In a typical district, the health system is organised in two strands: male-female health workers based sub centres connected with Primary Health Centres(PHC) which is manned by a general physician and one specialty hospital at district level. A common remote and backward district faces problem in management of all the strands of the health system. In remotest places no health worker wants to go and maximum vacancies of health workers are noticed at places where they are needed more. Thankfully because of NRHM, ASHA workers are appointed in every village alongwith Anganwadi Workers who are lifting up the basic health care standards. Since they are part time workers with basic training, they can not be expected to take care of all health problems. So functioning of a health subcentre is a must in every village or every two villages at most.
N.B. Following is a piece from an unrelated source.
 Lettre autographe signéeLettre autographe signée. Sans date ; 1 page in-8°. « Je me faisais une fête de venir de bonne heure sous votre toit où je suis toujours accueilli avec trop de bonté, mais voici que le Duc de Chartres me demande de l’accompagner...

In last monsoon our experience was quite astonishing as the villages where connectivity was bad, there was no any health worker available and villages have been left on their own. When we forced them to go to interior places, lot of resistance was noticed.
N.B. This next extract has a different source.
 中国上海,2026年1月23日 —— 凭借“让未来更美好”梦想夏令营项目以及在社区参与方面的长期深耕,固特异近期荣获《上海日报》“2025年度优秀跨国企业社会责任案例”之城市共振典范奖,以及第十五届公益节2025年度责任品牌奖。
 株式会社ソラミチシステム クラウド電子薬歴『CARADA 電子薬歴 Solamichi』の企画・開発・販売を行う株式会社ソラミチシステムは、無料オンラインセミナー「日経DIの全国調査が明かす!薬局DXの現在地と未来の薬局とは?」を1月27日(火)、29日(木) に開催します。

Similarly, the district is having 4 PHC but only one was functioning for want of doctor. The Govt is unable to find a suitable doctor to be placed in other three PHCs.
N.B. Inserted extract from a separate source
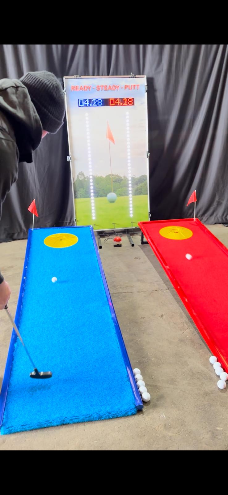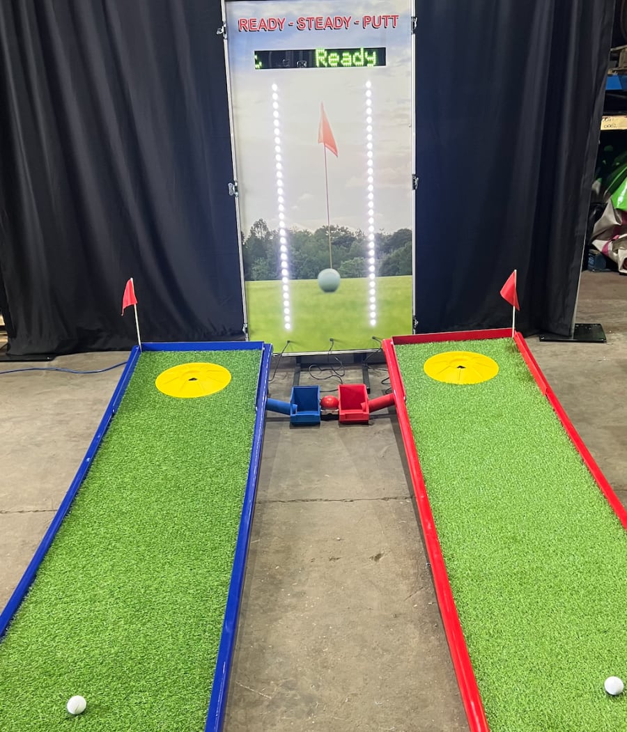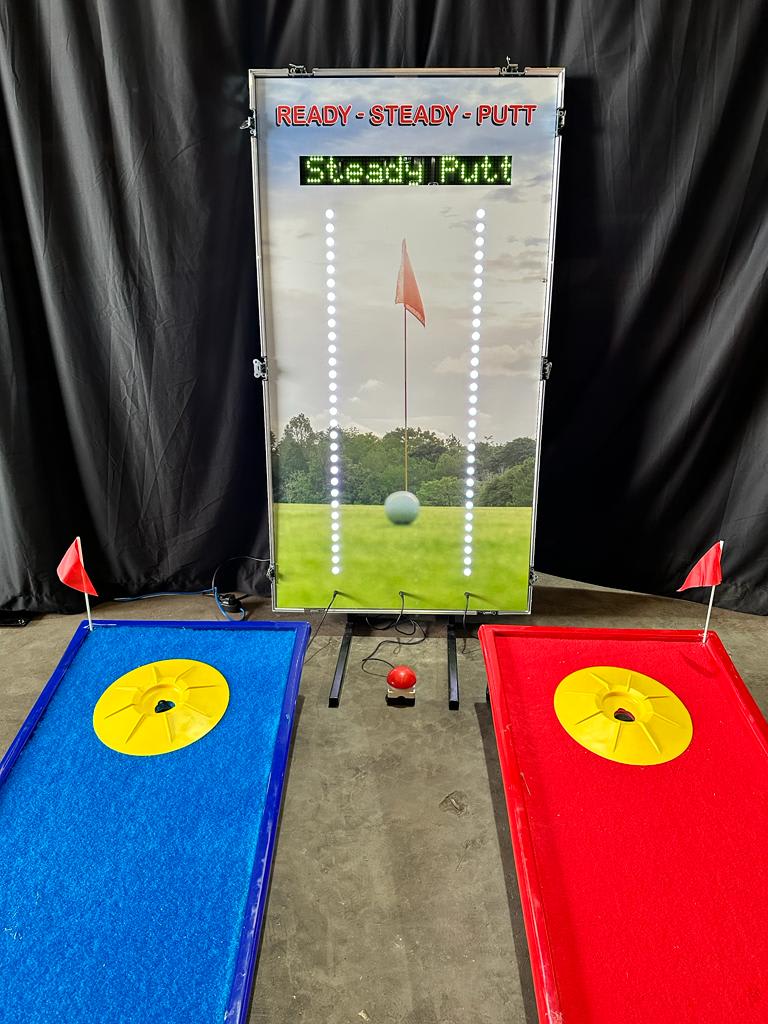 Transform your event into a golfing paradise with the Ready Steady Putt Golf Simulator from RS Sales. This two-player game is perfect for golf enthusiasts looking to hone their putting skills or just for a fun compertition.

I feel a practical regime of transfer/posting of health professionals is required. The interior area allowance can be introduced as an incentive and a tenure system can be evolved to ensure that the interior area should get proper health facility. Since, the places with proper connectivity can always access the district hospital, so evenif these places run without adequate manpower, they can manage; but in interior areas which are very far and faces connectivity problem in rainy season, adequate healthworkers need to be posted alongwith adequate supply of machines. A pragmatic policy needs to be adopted.
New schemes like RSBY is quite promising as these are going to make district hospital a corporate entity with incentive for doctors and earnings for hospital management and hopefully will free the hospital for purchase of necessary equipments and will provide enough resources to equip itself.
Under district level schemes like BRGF, BADP, we are planning to equip the hospital with good machines, to provide good quarters for the doctors; but since health sector is quite capital intensive, these funds are insufficient to meet the requirements of the people and a special plan funding for purchase of necessary diagnostic and surgical equipments are necessary to make the district hospital a true First Referral Unit and to conform it to the Indian Public Health Standards.
Although we claim to becoming a modern and developed nation and trying to gain proud entry in UNSC or other coveted bodies; but unless the remote places like these are taken care of by the system and society at large, we can not claim ourselves truly developed. The development of the nation depends on quality human resources and without a sound health system, a pool of quality human resource can not be imagined.